# [EXERCISE]
Your output should be the lines below from the one holding "慶典第三章程,啟航。在校教職" through the one holding "السلطة اليونانية وتشمل", transcribed exactly, with no pictures.

# [DATA EXTRACTS]
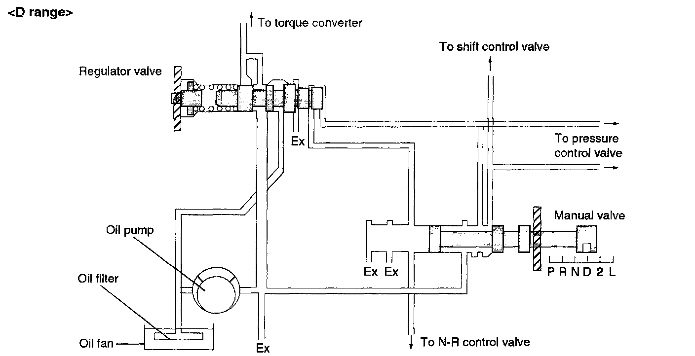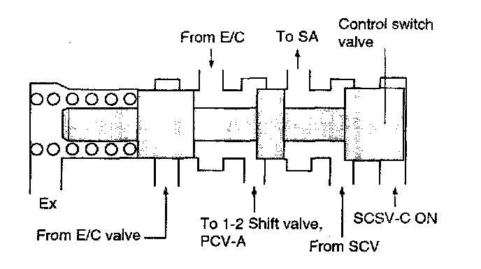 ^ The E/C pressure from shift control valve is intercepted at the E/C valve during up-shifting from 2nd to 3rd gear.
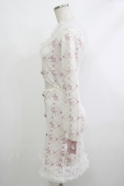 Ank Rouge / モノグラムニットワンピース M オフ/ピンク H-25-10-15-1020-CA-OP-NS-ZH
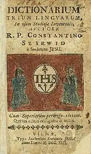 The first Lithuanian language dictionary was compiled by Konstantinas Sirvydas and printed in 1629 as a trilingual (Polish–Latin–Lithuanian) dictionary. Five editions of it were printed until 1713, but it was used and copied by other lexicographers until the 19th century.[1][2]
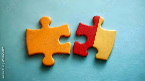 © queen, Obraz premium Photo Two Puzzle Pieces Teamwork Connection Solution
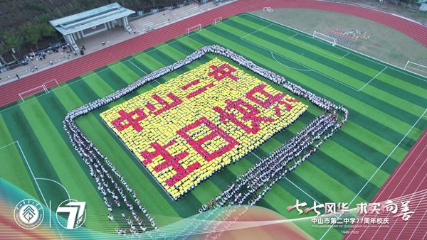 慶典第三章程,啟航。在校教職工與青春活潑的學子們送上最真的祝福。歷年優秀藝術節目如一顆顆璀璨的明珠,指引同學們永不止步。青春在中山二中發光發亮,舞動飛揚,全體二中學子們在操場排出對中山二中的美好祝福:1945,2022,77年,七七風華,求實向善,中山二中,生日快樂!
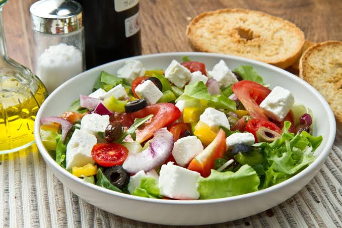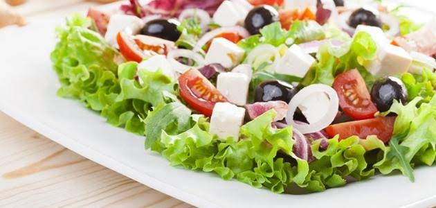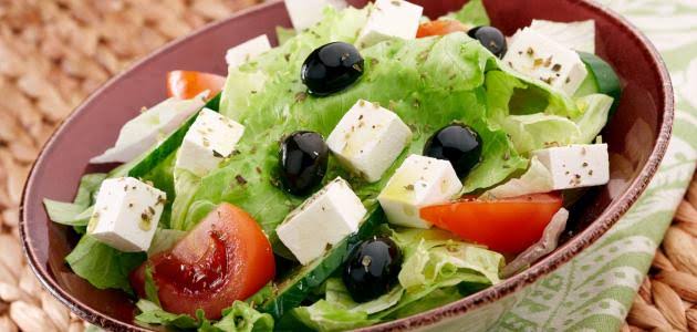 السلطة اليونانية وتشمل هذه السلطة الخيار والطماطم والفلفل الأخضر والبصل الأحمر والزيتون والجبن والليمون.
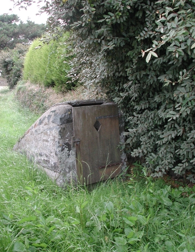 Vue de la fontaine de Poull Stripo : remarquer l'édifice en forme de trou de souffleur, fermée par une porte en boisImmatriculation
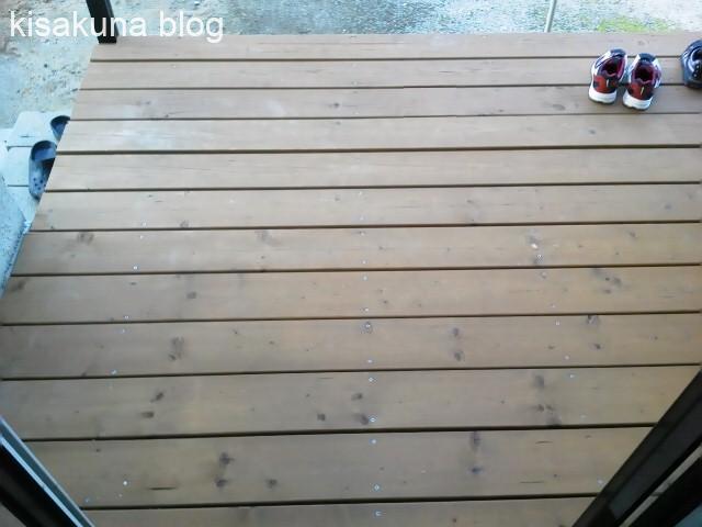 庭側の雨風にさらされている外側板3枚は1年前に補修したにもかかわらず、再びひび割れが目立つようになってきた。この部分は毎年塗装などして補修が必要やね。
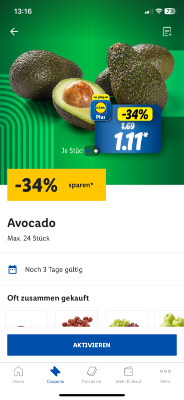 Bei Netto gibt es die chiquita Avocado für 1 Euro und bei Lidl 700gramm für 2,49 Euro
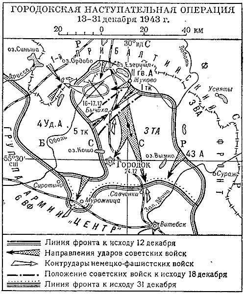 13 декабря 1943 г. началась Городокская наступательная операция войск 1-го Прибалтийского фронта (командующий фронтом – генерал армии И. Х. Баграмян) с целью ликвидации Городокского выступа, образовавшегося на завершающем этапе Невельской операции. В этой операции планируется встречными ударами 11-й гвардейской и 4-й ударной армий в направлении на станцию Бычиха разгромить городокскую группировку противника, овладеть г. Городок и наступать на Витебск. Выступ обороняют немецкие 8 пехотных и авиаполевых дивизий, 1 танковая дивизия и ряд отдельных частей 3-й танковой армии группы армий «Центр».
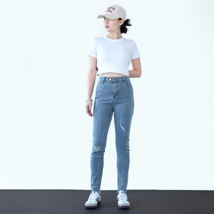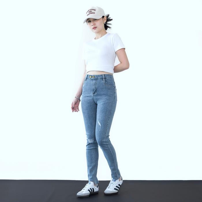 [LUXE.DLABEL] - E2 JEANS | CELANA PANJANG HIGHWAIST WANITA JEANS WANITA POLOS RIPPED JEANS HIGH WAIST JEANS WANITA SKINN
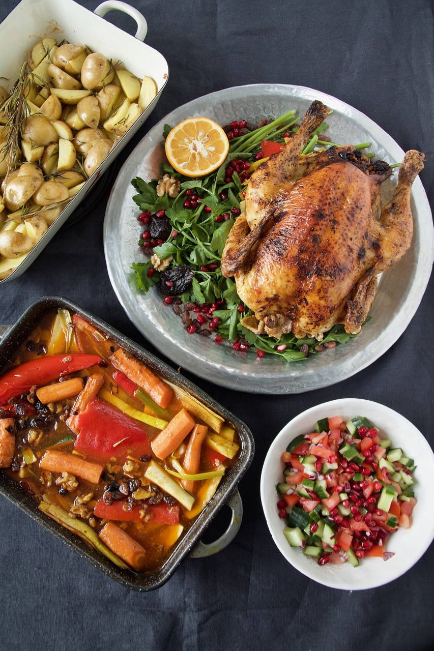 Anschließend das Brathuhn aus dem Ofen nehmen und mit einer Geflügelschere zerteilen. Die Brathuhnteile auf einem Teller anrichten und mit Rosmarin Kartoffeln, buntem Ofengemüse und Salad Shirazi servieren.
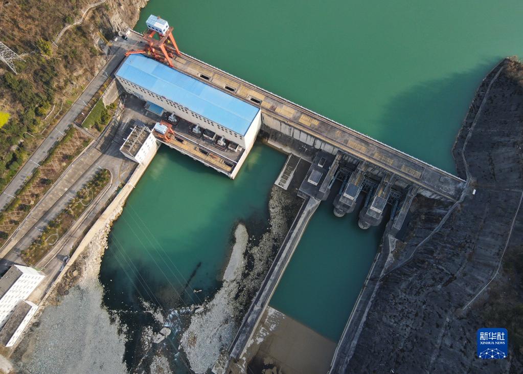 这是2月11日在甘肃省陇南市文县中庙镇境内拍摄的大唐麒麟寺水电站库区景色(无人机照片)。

# [ANSWER TO THIS EXERCISE]
 慶典第三章程,啟航。在校教職工與青春活潑的學子們送上最真的祝福。歷年優秀藝術節目如一顆顆璀璨的明珠,指引同學們永不止步。青春在中山二中發光發亮,舞動飛揚,全體二中學子們在操場排出對中山二中的美好祝福:1945,2022,77年,七七風華,求實向善,中山二中,生日快樂!
 السلطة اليونانية وتشمل هذه السلطة الخيار والطماطم والفلفل الأخضر والبصل الأحمر والزيتون والجبن والليمون.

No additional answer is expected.